A cardiologist practices in a branch of internal medicine that deals with the diagnosis and treatment of disorders of the heart and circulatory system, including those that stem from birth abnormalities, diseases, or advancing age. Cardiologists take care of a variety of heart conditions, such as rheumatic heart disease in children and congestive heart failure and heart attack in adults.
Cardiology and cardiovascular surgery complement each other. Over the years, doctors in these fields have worked closely together in the treatment of heart diseases. For example, the cardiologist may determine that a child has been born with a hole between the chambers of the heart; the cardiovascular surgeon is the one who will repair this hole through open heart surgery.
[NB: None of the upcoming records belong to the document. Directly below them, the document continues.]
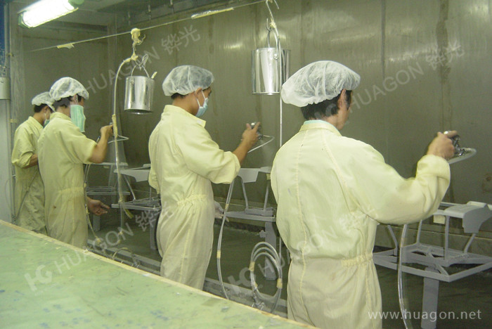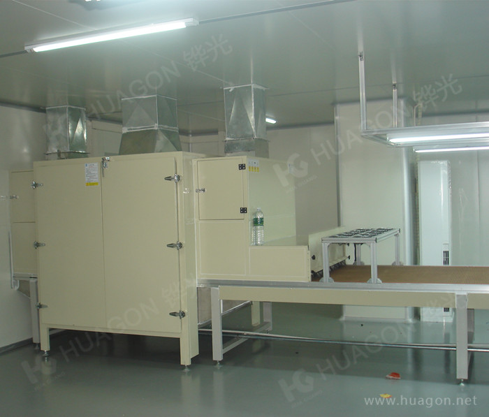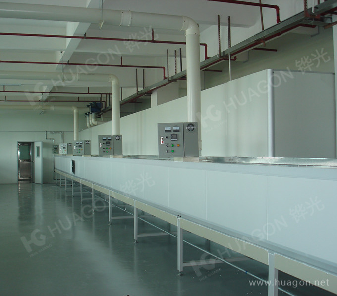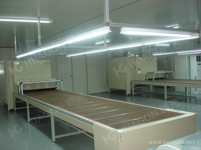 上料-手動靜電除塵-素材預(yù)熱-多任務(wù)站手動/自動噴涂-靜置-隧道式烘烤-UV光固化-冷卻-下料
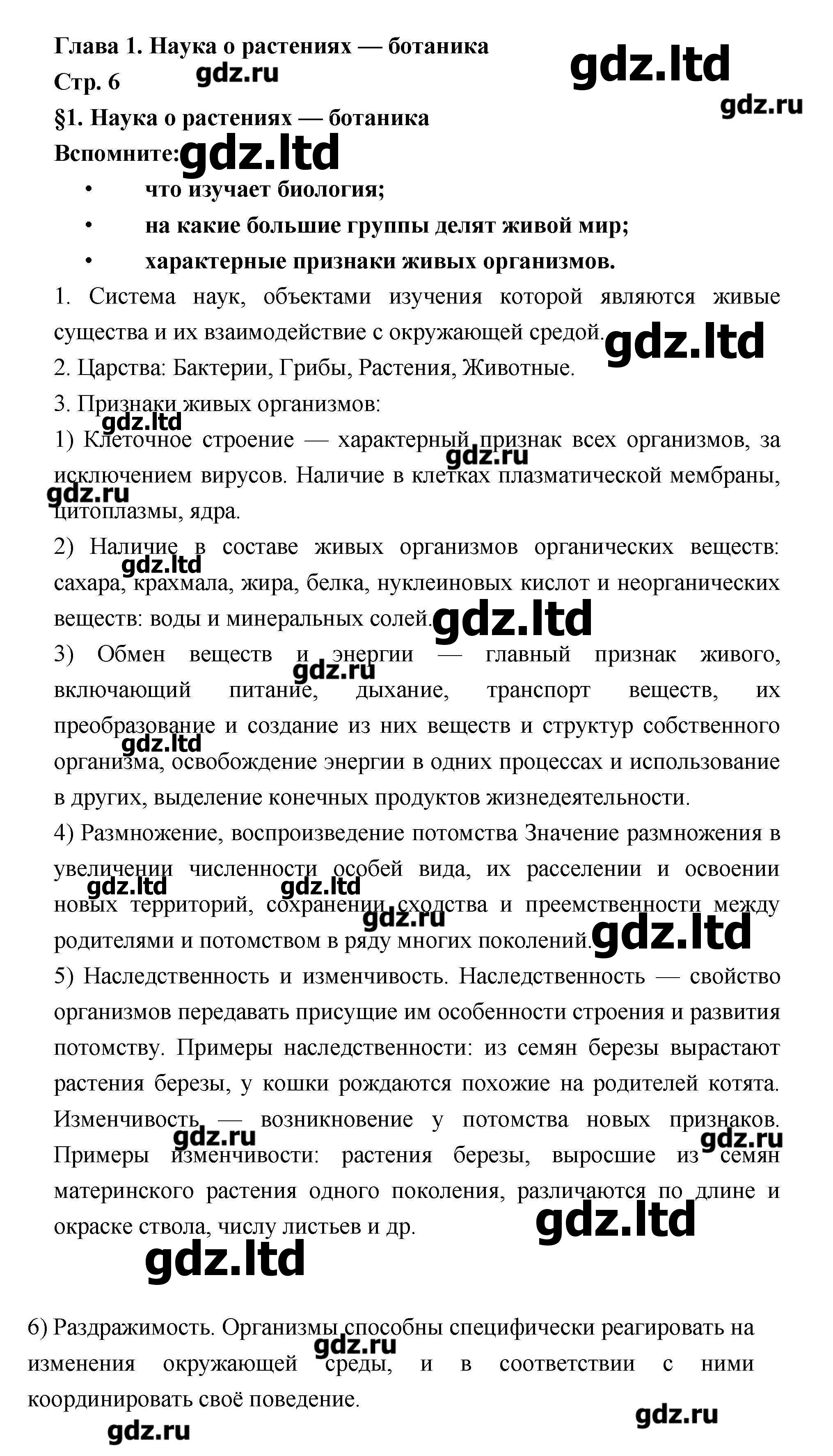 Похожие ГДЗ Биология 6 класс
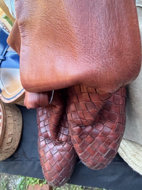 - Leather + wood woven chairs
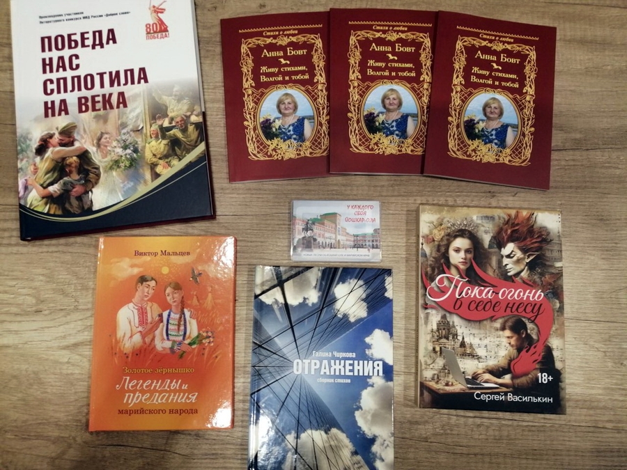Давний друг клуба «Пегас» поэт и прозаик Игорь Алексеев передал тематическую флешку – сборник песен «У каждого своя Йошкар-Ола», посвящённых родной республике. Примечательно, что песни созданы с использованием искусственного интеллекта на стихи Игоря Алексеева и Галины Чирковой.
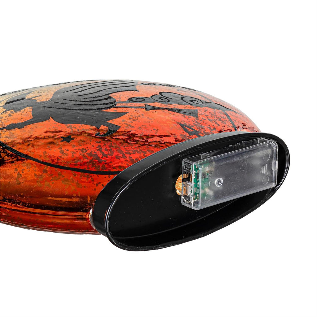 Illuminate your space with the enchanting Witch on Broom LED Crackle Glass Table Décor. Standing at 9.75 inches high, this captivating piece features a silhouette of a witch soaring across a moonlit sky. The crackle glass design adds a magical touch, casting mesmerizing patterns of light and shadow. Perfect for Halloween or anytime you want to add a mystical ambiance to your home, this LED table décor is sure to impress. Its compact size makes it a versatile addition to mantels, side tables, or entryways.
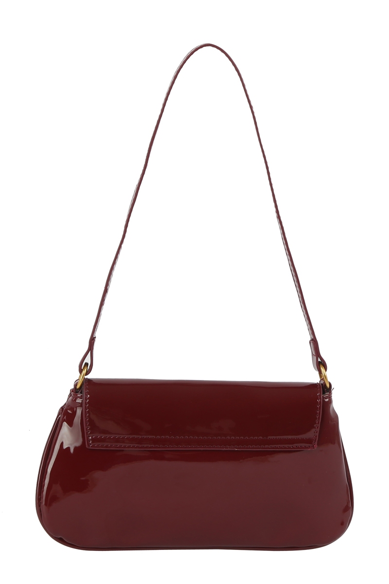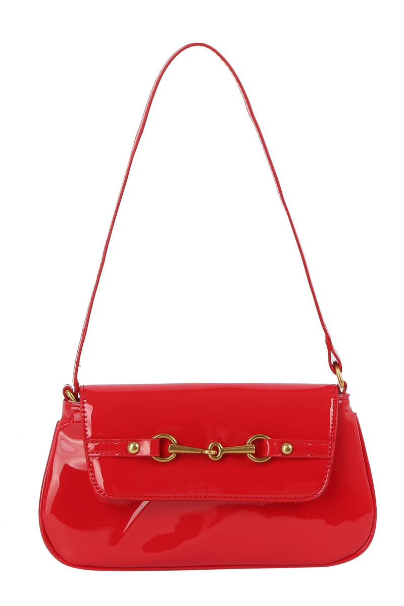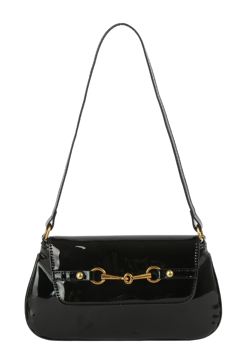 - This hand bag showcases a unique latch accent glossy leather style. Experience a subtle blend of modernity and classic charm as this hand bag effortlessly adorns your ensemble.
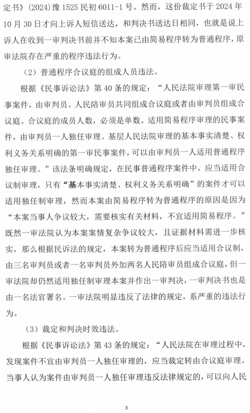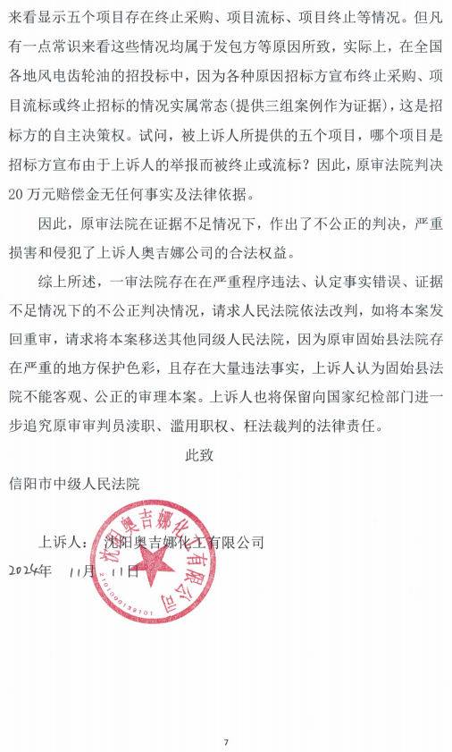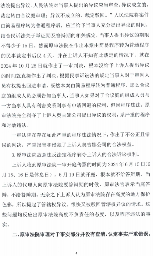 6、因發(fā)現(xiàn)一審判決和裁定存在先判決,后質(zhì)證;簡易程序轉(zhuǎn)為普通程序的裁定書與判決書同日送達等肆無忌憚的程序嚴重違法行為和判決內(nèi)容也與奧吉娜公司舉報不符,奧吉娜公司于2024年11月11日向一審法院遞交上訴狀,請求“1.人民法院依法撤銷固始縣人民法院民事判決書(2024)豫1525民初6011號民事判決書,依法改判駁回被上訴人全部訴訟請求或?qū)⒈景赴l(fā)回重審;2.本案一審、二審訴訟費由被上訴人承擔。”同時,對法官陳陽的嚴重違法行為向人大、紀監(jiān)委進行檢舉。
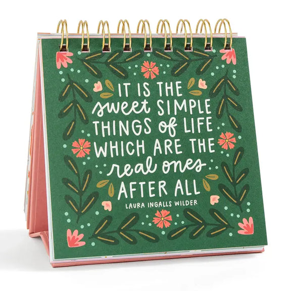 Stay inspired all year round with our 52 Weeks of Happy Quotes Desk Flip Calendar! Featuring hand-lettered and illustrated motivations for each week, this undated calendar is a daily dose of positivity. From 'Be the One Who Makes Others Feel Included' to 'Kindness Goes a Long Way' and 'Every Day Is A Fresh Start,' it's perfect for teachers, your desk at the office, or a family common area. Whether you need a boost at work or a reminder to spread kindness throughout your day, this calendar has you covered. Get ready to flip your way to a happier year! • Features: 52 weekly designs; gold-foiled cover, perforated pages, spiral bound, free standing easel design • Size: 5" x 5.5"

A cardiologist must be acquainted not only with anatomy and physiology but also with modern computerized diagnostic equipment. One special diagnostic procedure performed by cardiologists is cardiac catheterization, in which a catheter (a long, thin, flexible tube) is inserted into the heart and adjacent blood vessels, allowing the injection of a special dye that affords a view of those structures. Angioplasty (the opening of a blocked artery by insertion of a balloon-tipped catheter) is a treatment procedure that is commonly performed by cardiologists.
Training in cardiology includes completion of a residency in internal medicine and at least two years of specialized training in cardiology.